On the mailing list Ann Harrison gave this explanation:
https://groups.yahoo.com/neo/groups/firebird-support/conversations/topics/129936 (archive) (the first 15 messages is about virtual server might be the cause - skip those)
"Interesting. GUIDs produce really fat indexes. Firebird uses prefix compression and GUIDs vary in the first bytes so they don't compress well. Keys generated sequentially will be on different index leaf pages. Since records are deleted and garbage collected in the order they were stored, index garbage collection could easily touch a different page for each key. With only 256 buffers, index garbage collection is running pages through the cache wildly - with luck they're cached by the file system."

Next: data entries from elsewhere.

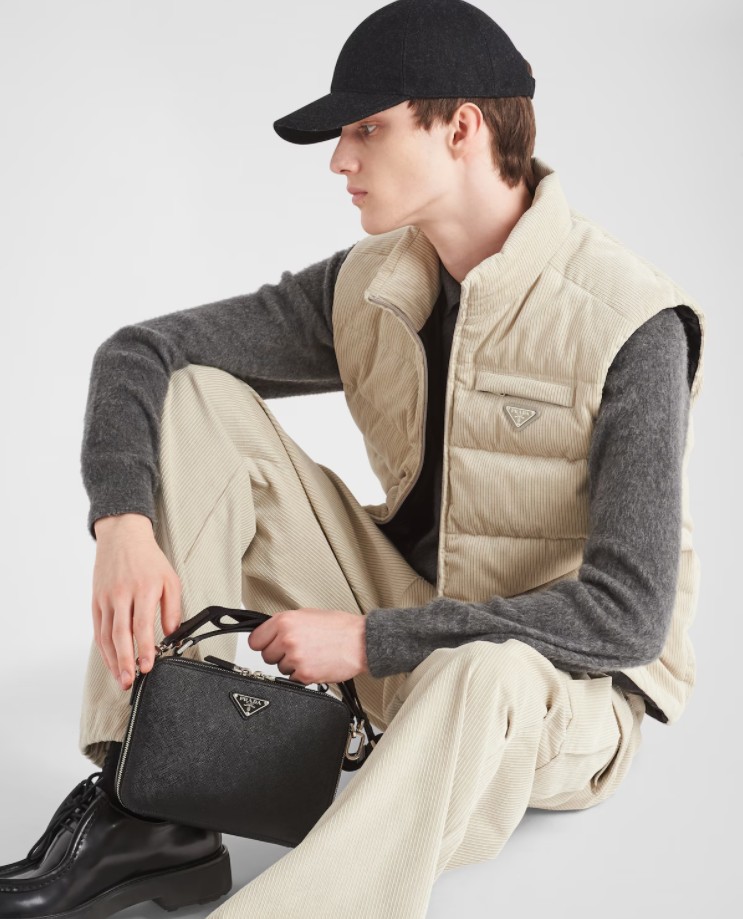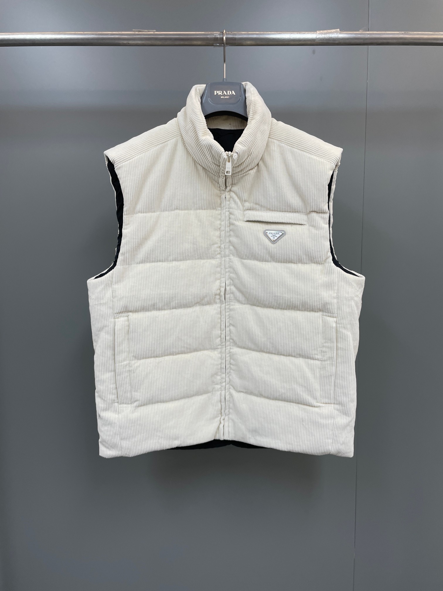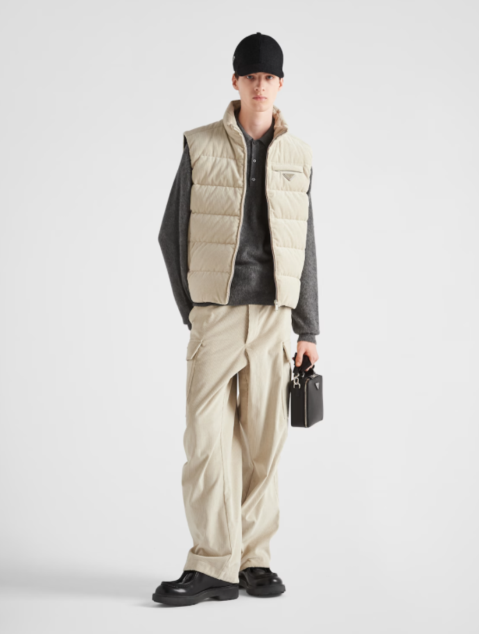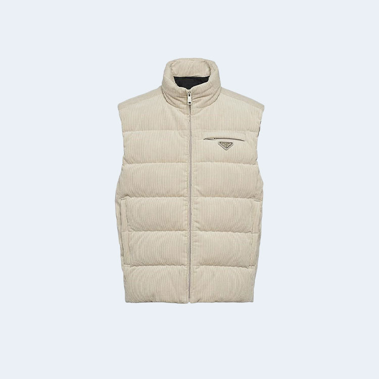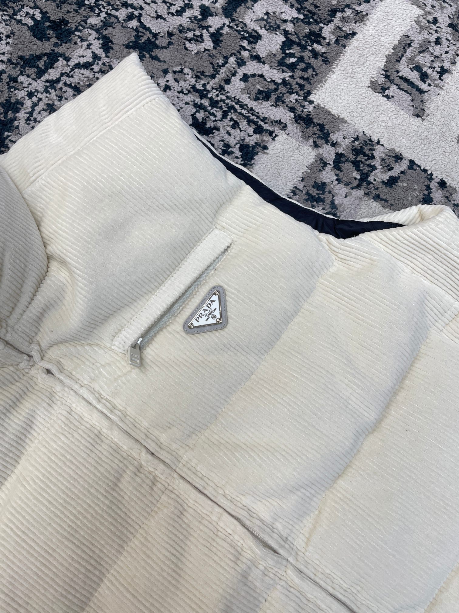 프라다 크롭 코듀로이 다운 패딩 베스트
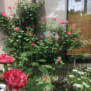 バ〜ラが咲いた〜 その2 夜来香全開かな ピエールドロンサールも咲き揃い始めた。レオナルドはもう少ししたら。 芍薬は左手のピンクが元の株。右手のがわけて植えたもの。色が違う
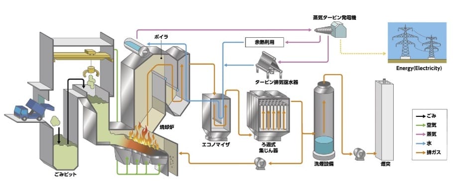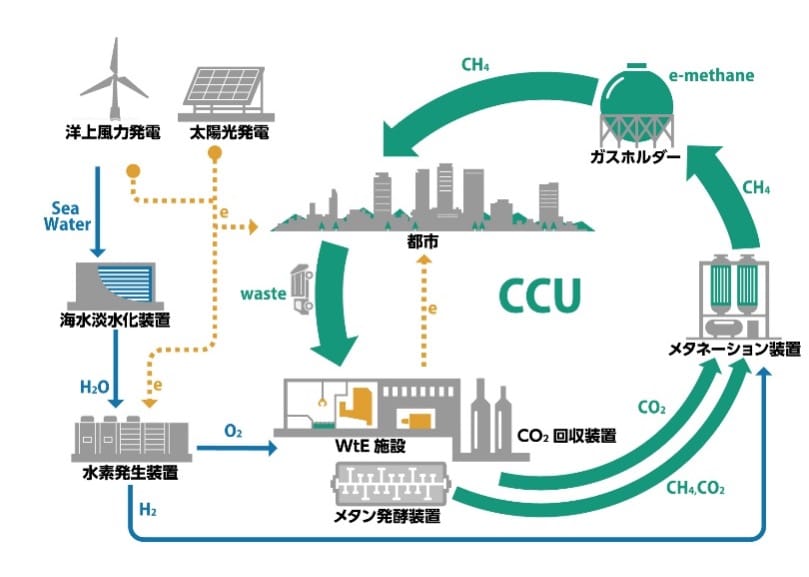 廃棄物を直接埋立すると、CO2の28倍の温室効果を持つメタンが埋立処分場から発生するので、直接埋立からごみ焼却発電(Waste to Energy)に変更することで、GHG排出量を大幅に削減できる。 廃棄物焼却発電、メタン発酵装置、CO2回収装置、洋上風力発電、海水淡水化装置、水素発生装置、メタネーション装置によって、水・電力・水素・酸素・メタン・CO2が資源循環される。 廃棄物処理を中核とした「Waste to X」のシステム・パッケージ
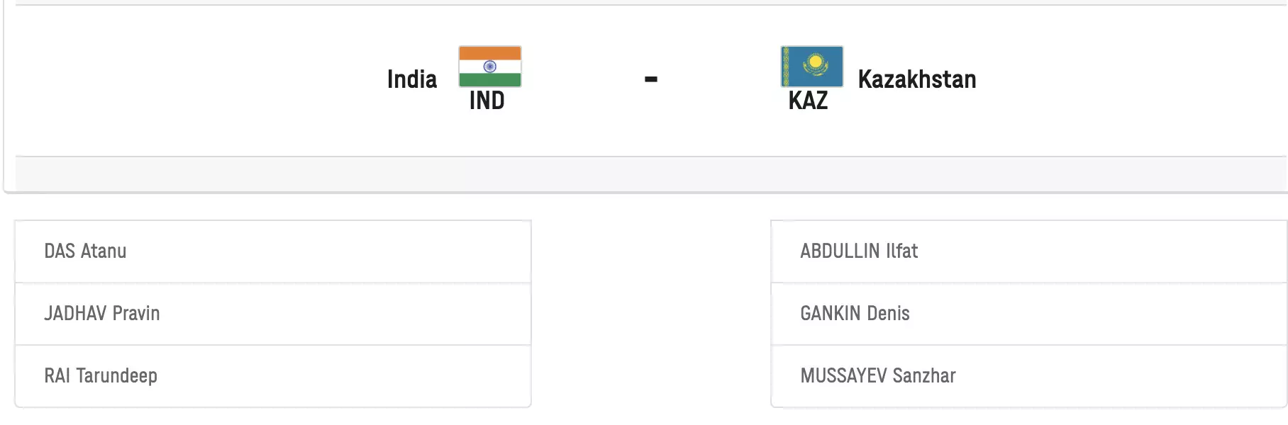 Earlier in the day, India beat Kazakhstan 6-2 to set up a quarterfinal clash. The Indians were strong, especially Atanu Das who drilled in five perfect 10s during team's easy win in the 1/8 Elimination round at the Yumenoshima Park. A win over Korea could yield India's greatest day in archery so far.

The solution to the problem that made me file this bug was to use sequential generated GUID, however this is not always possible, in the company I work at, we use varchar index for social security number, login tokens, oauth access/refresh tokens, guids from third party applications and so on.

Best regards
Thomas Kragh

Commits: 2d26794

====== Test Details ======

Can't reproduce, wait for suggestions how to do that - see post 16/Feb/17 05:27 AM

@firebird-automations
Copy link
Collaborator Author

Commented by: Thomas Kragh (realic)

Added Component: core to this issue

@firebird-automations
Copy link
Collaborator Author

Modified by: Thomas Kragh (realic)

Component: Engine [ 10000 ]

@firebird-automations
Copy link
Collaborator Author

Commented by: @dyemanov

Out of curiosity, why do you prefer to store (and index) GUIDs as VARCHAR(36) rather than CHAR(16) OCTETS? IMHO, this way you just make the problem even worse.

@firebird-automations
Copy link
Collaborator Author

Commented by: Thomas Kragh (realic)

The main reason is readability, GUIDSs are always formattet in this way: "f5da8ac7-60b1-4f38-a631-11a34d2f7c8c" in all of our applications and websites, and it is easy to copy this value if you need to query a table.

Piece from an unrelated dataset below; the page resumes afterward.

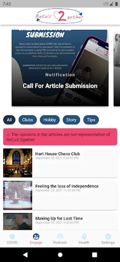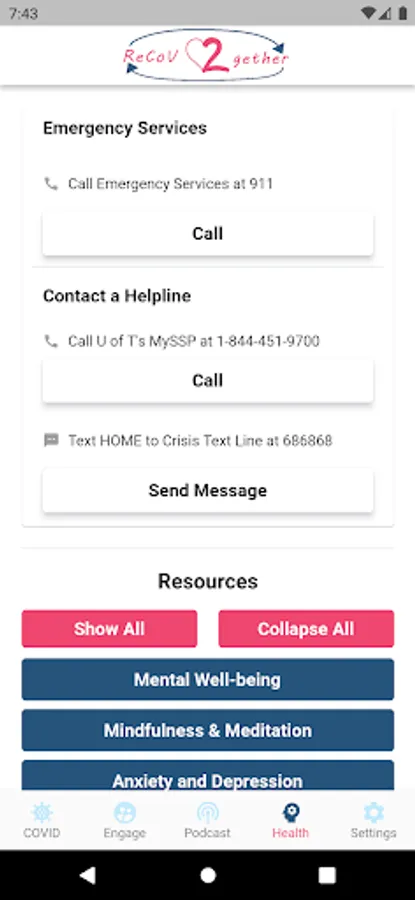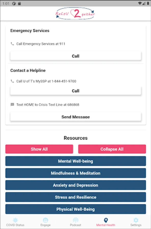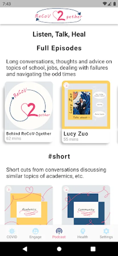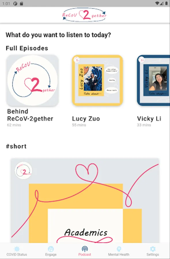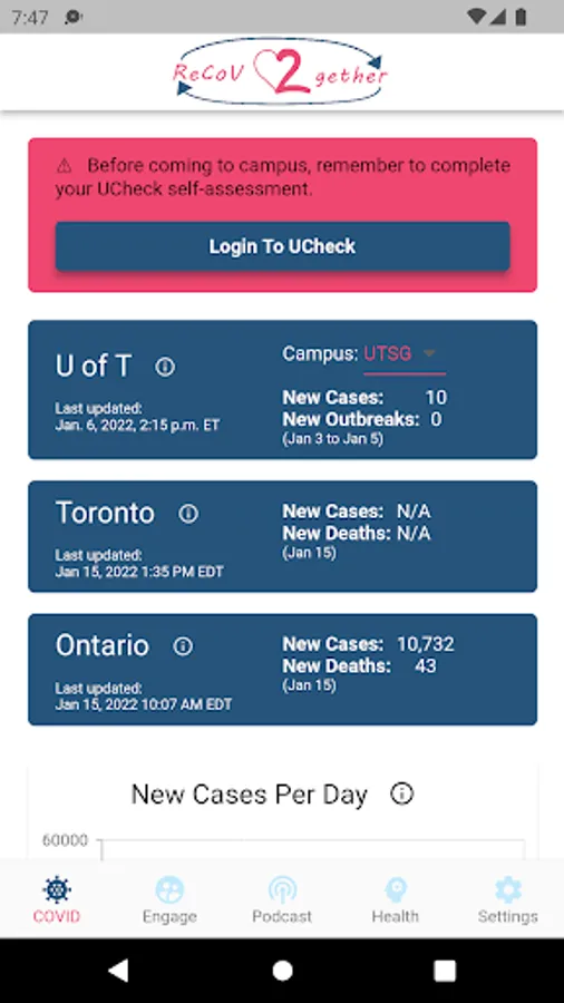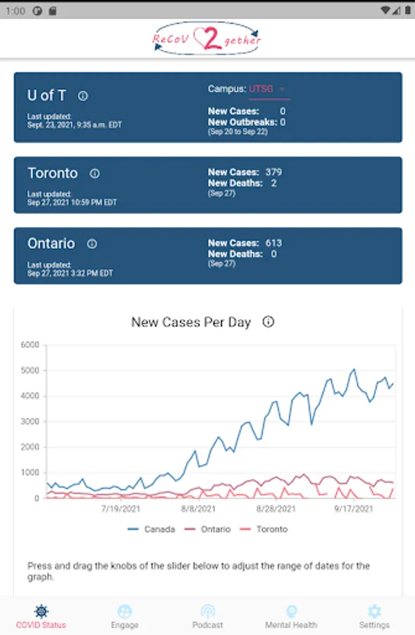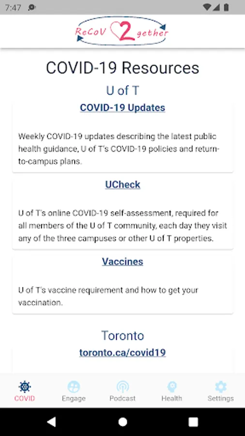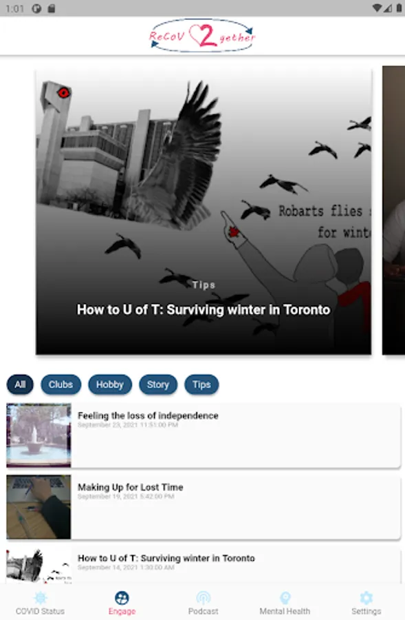ReCoV-2gether is an app created by 5 University of Toronto students and alumni funded by the U of T Student Engagement Award aiming to promote student engagement and community rebuild after campus reopening. It has functionalities including a podcast called Listen, Talk, Heal, a COVID-19 tracker, mental health resources, as well as ways for students to get involved, whether you’re on- or off-campus.
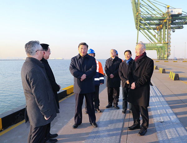 1月16日至18日,中共中央總書(shū)記、國(guó)家主席、中央軍委主席習(xí)近平在京津冀考察,主持召開(kāi)京津冀協(xié)同發(fā)展座談會(huì)并發(fā)表重要講話。這是1月17日下午,習(xí)近平在天津港碼頭考察。新華社記者 鞠鵬 攝

To my understanding storing a GUID in CHAR(16) would result in the same problem? perhaps i would have noticed it later as the number of rows that were to be deleted increased.
Question: Is there a way to create sequential generated GUIDs in Firebird?

@firebird-automations
Copy link
Collaborator Author

Commented by: @dyemanov

CHAR(16) would also suffer from this issue, but to a smaller extent. Intentionally slowing things down to please readability does not seem a correct choice, IMHO. Functions UUID_TO_CHAR and CHAR_TO_UUID exist exactly to provide readability while still storing efficiently.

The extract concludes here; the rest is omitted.